------ ENTRIES SHOWN

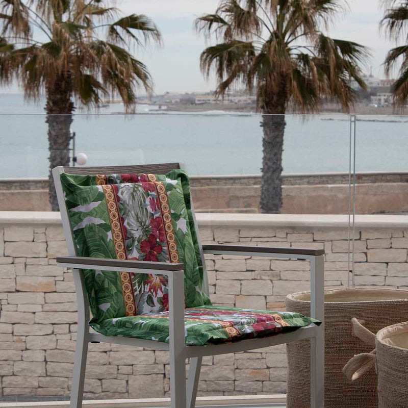 Cuscino con schienale basso per sedia antimacchia e sfoderabile. Misura: 44x88 cm. Spessore: 4 cm. Composizione tessuto: 50% Cotone, 50% Poliestere. Imbottitura: spugna 100% poliestere. La collezione giamaica è pensata per il giardino, la veranda e la spiaggia. Il tessuto è realizzato in misto cotone con trattamento antimacchia. Made in Italy
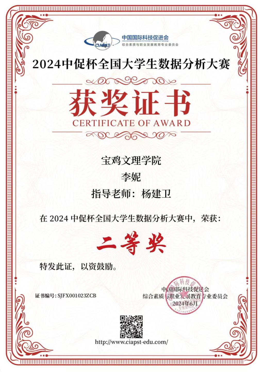 近日,2024“中促杯”全国大学生数据分析大赛结果公布,万象城计算机学院研究生李妮获得二等奖。网络与信息技术管理处处长杨建卫教授获得优秀指导教师称号。
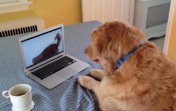 Watch How This Adorable Golden Retriever Reacts To A Video Of Golden Retriever Playing With A Squeaky Toy
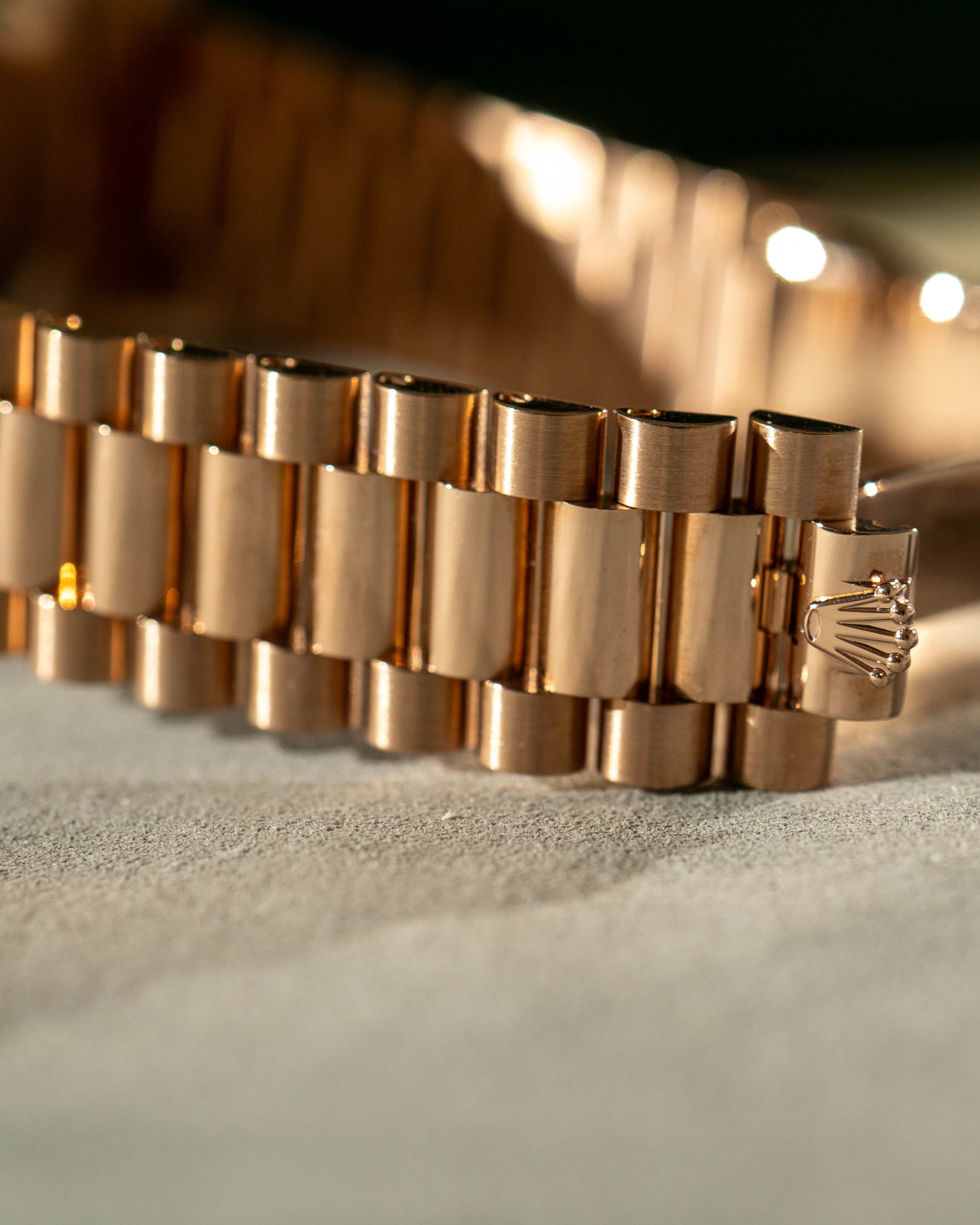 • Bracelet: President bracelet in Everose gold with concealed Crownclasp
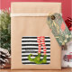 Elfbeine in gestreiften Strumpfhosen und grüne Stiefel auf schwarz-weißen Streifen und goldenen Punkten beinhalten Ihren persönlichen Gruß auf diesen Weihnachts-Quadrat-Aufklebern. PASSENDE Artikel in unserem Geschäft.
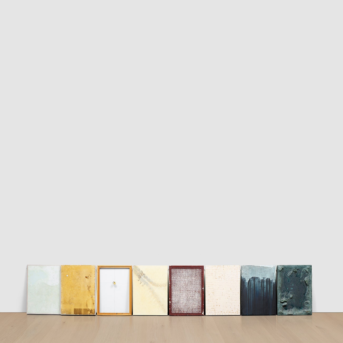 mixed media and paint on glass, wood and plaster, in 8 parts
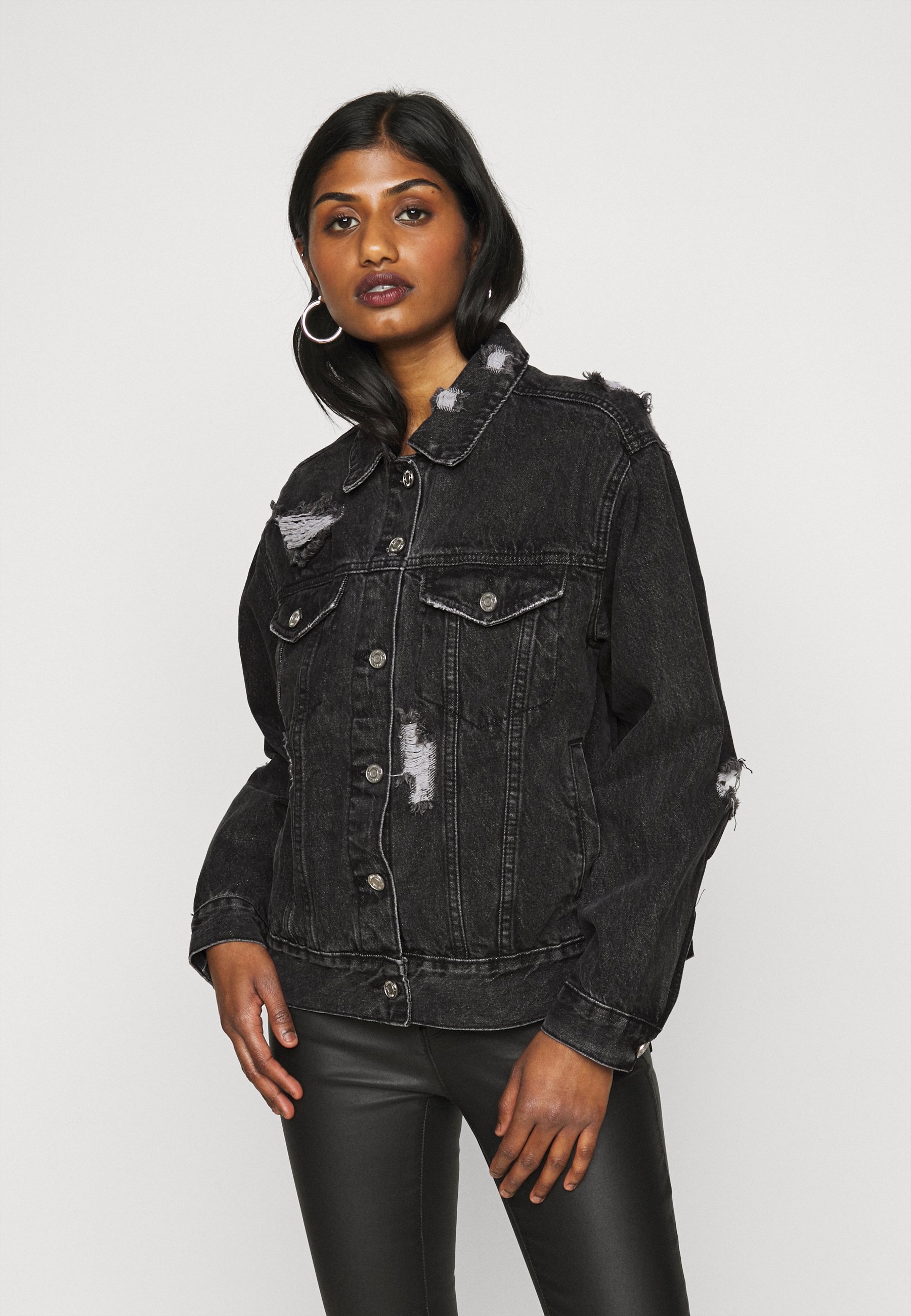 Missguided Petite Distressed Oversized Boyfriend Jacket Denim Jacket Washed Black Black Denim Zalando De
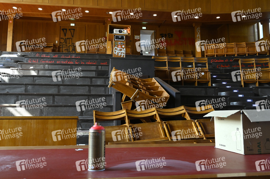 Nach einer Besetzung des Emil-Fischer-Saals der Humboldt-Universität durch propalästinensische Aktivisten die durch die Polizei geräumt wurde, sind offenbar so umfangreiche Schäden entstanden, dass der Raum nicht mehr nutzbar ist. Berlin, 22.04.2025
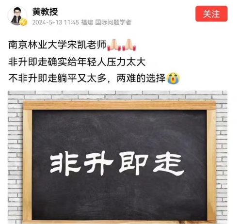 宋凯属于有编制的人才引进,虽然不是“非升即走”,但面临的状况差不多。
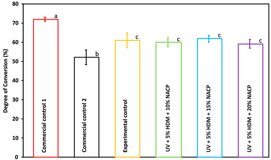Degree of conversion for commercial controls 1 and 2, experimental control, and experimental groups (mean ± SD; n = 3). Groups with different letters indicate statistically significant differences (p < 0.05).
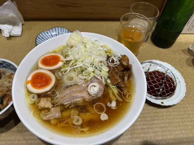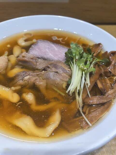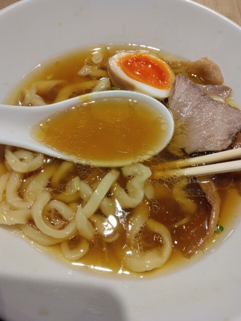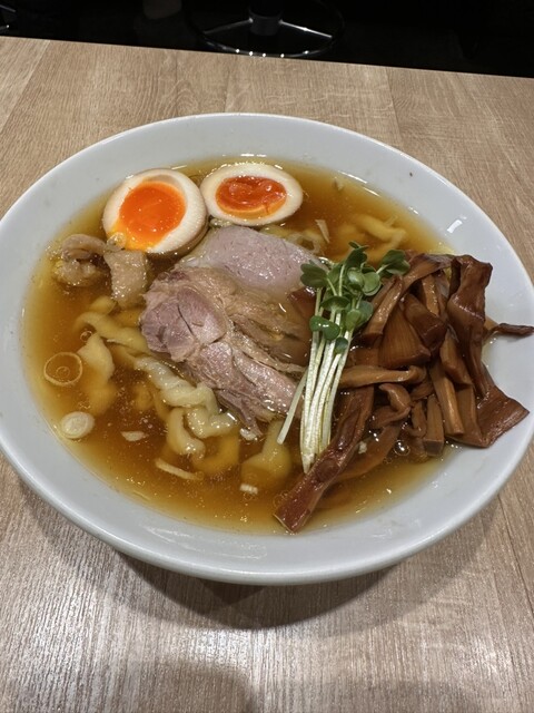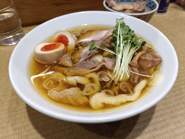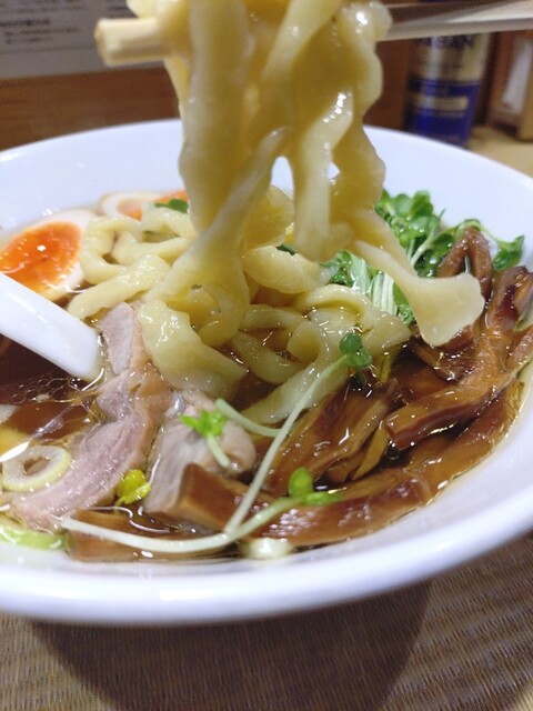 まず驚いたのが、存在感抜群の極太麺。もちもちとした食感で、噛むほどに小麦の旨味が広がります。スープは親鶏の出汁が効いた淡麗辛口。コク...
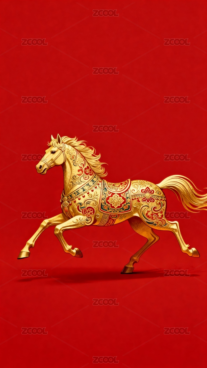 红色背景金色骏马
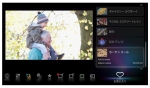 視聴中のテレビ画面を少し縮小し、画面の下部に再生可能なカテゴリーや各種機能アイコンを配置。

------------

| WORK TASK |
Using the records above, print exactly the run of lines that starts with the line with "Missguided Petite Distressed" and goes on through the line with "Degree of conversion", pictures excluded.

| TASK SOLUTION |
 Missguided Petite Distressed Oversized Boyfriend Jacket Denim Jacket Washed Black Black Denim Zalando De
 Nach einer Besetzung des Emil-Fischer-Saals der Humboldt-Universität durch propalästinensische Aktivisten die durch die Polizei geräumt wurde, sind offenbar so umfangreiche Schäden entstanden, dass der Raum nicht mehr nutzbar ist. Berlin, 22.04.2025
 宋凯属于有编制的人才引进,虽然不是“非升即走”,但面临的状况差不多。
Degree of conversion for commercial controls 1 and 2, experimental control, and experimental groups (mean ± SD; n = 3). Groups with different letters indicate statistically significant differences (p < 0.05).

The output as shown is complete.